Stretches that will pay your body back as you age.

As we age, we often lose flexibility. It can make stretching harder—but also more important. It’s funny how simple stretches can change your life. A 2019 analysis of nearly two dozen studies found that older adults who practice yoga report better balance and flexibility, and even improved mental health and sleep.

Support your own health and flexibility by incorporating these three stretches into your daily routine:

Standing Forward Bend: Stand straight up, with your feet slightly apart. Bring your arms straight up, fingers pointing at the sky. Slowly bend forward at the waist, opening your arms to the side and then down, bringing them together on your calves. Stretch to reach your ankles or place palms flat on the ground if it feels comfortable. Hug your legs closer to increase the stretch on your lower back and hamstrings.

Standing Split Pose: Stand straight up with your feet together. Shift your weight onto your right foot. While keeping your back straight, bend forward and raise your left leg behind you. Keep the leg straight or with a slight bend. As you pivot forward, keep your shoulders square and try touching your fingers to the floor. Lean further into your hands slowly, if it feels comfortable. Hold for 15 to 30 seconds before returning to standing. Repeat on opposite side.

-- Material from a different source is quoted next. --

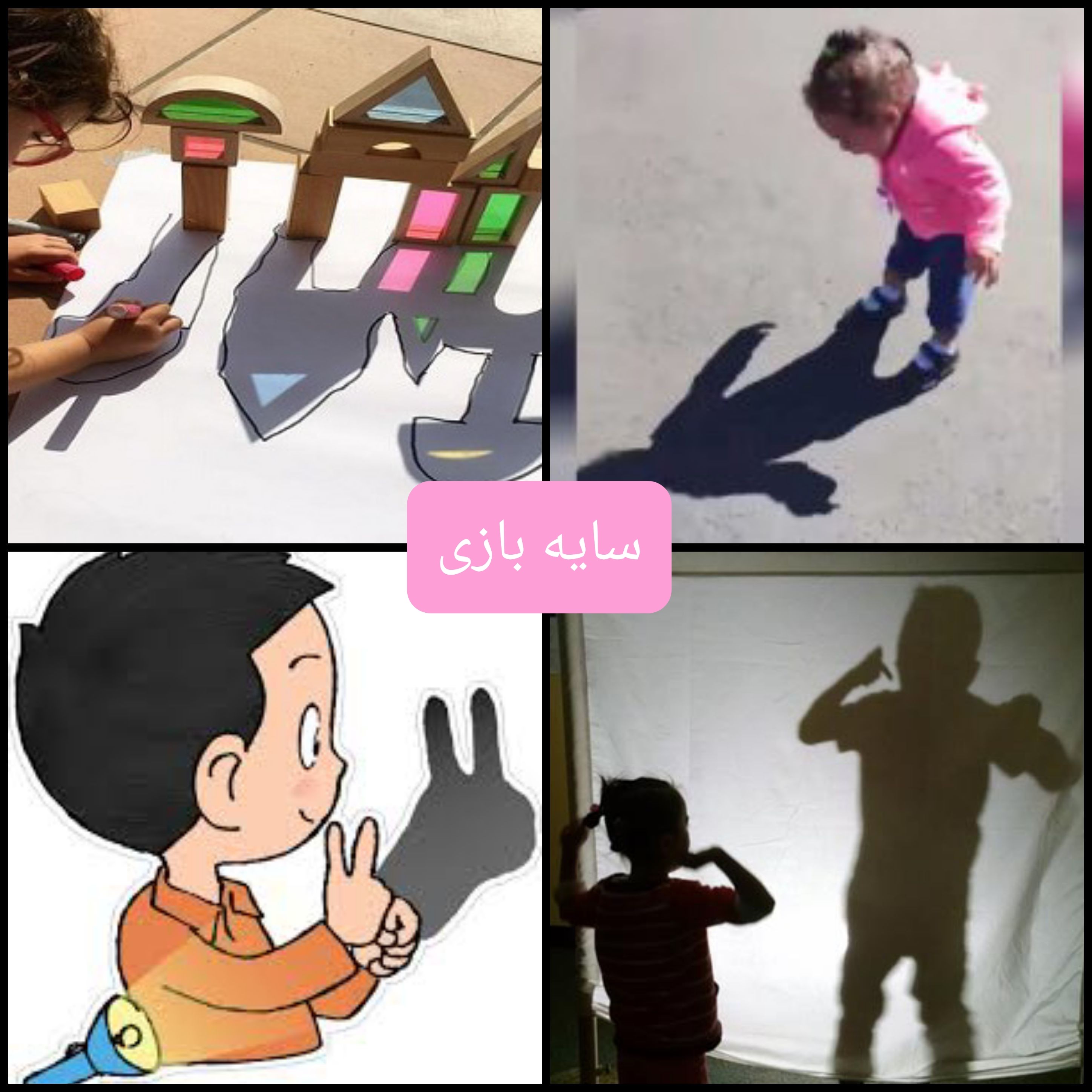نام بازی: سایه بازی #بازی چندگانه گروه سنی: ۳ سال به بالا مراحل بازی: ۱) ابتدا فضا رو تاریک میکنیم و با نور چراغ قوه، محیط و وسایل رو در تاریکی بررسی میکنیم که چه شکلی پیدا میکنن. ۲) به چند اسباب بازی در سایز و شکل های مختلف، نور میتابونیم و زاویه تابش نور رو تغییر میدیم و سایه ها رو بررسی میکنیم. نگاه کنیم در چه حالت هایی سایه بلندتر، کوتاهتر، کوچک تر و بزرگ تر میشه ۳) اسباب بازی های مختلف رو، روی کاغذ سفید میگذاریم و با یک مداد، سایه شون رو میکشیم. میتونیم تبدیلش کنیم به یک نقاشی. ۴) با انداختن نور روی دیوار، سعی میکنیم اشکال مختلف رو با دست درست کنیم. میشه حالت مسابقه داشته باشه. مثلا هرکس شبیه تر به شکل مورد نظر درست کرد یا نفر اول شکلی درست کنه و دیگری باید حدس بزنه چیه. ۵) کودک با سایه بازی، یک نمایش یا داستان برامون اجرا کنه. میتونه از اسباب بازی هاش یا دستش برای درست کردن سایه ها استفاده کنه. ۶) میشه نمایش دو نفره باشه، بدون هماهنگی قبلی و ببینیم داستان به چه سمتی میره. ۷) بازی تقلیدی با سایه به این صورت که نفر اول، یک ژست یا ادا درمیاره و نفر دوم بدون دیدن فرد و فقط از روی سایه، باید ژست او رو تشخیص بده و تقلید کنه. ۸) مسابقه گرفتن سایه همدیگه. نوبتی باید از هم فرار کنیم و هرکس سعی کنه سایه دیگری رو با پا بزنه

Upward Dog: Lie face-down on a mat with legs straight, tops of your feet on the mat. Place hands on the mat, halfway up on your ribcage. Inhale, press hands down, and slowly lift your upper body off the mat as you exhale. Draw shoulders back and press the tops of your feet into the mat. Slowly ease into the stretch. Your knees may lift off the mat. Upward Dog Stretches your chest and abdominal muscles.

Note: Esther Diaz is a health education teacher who lives in suburban Atlanta. She is our contributor.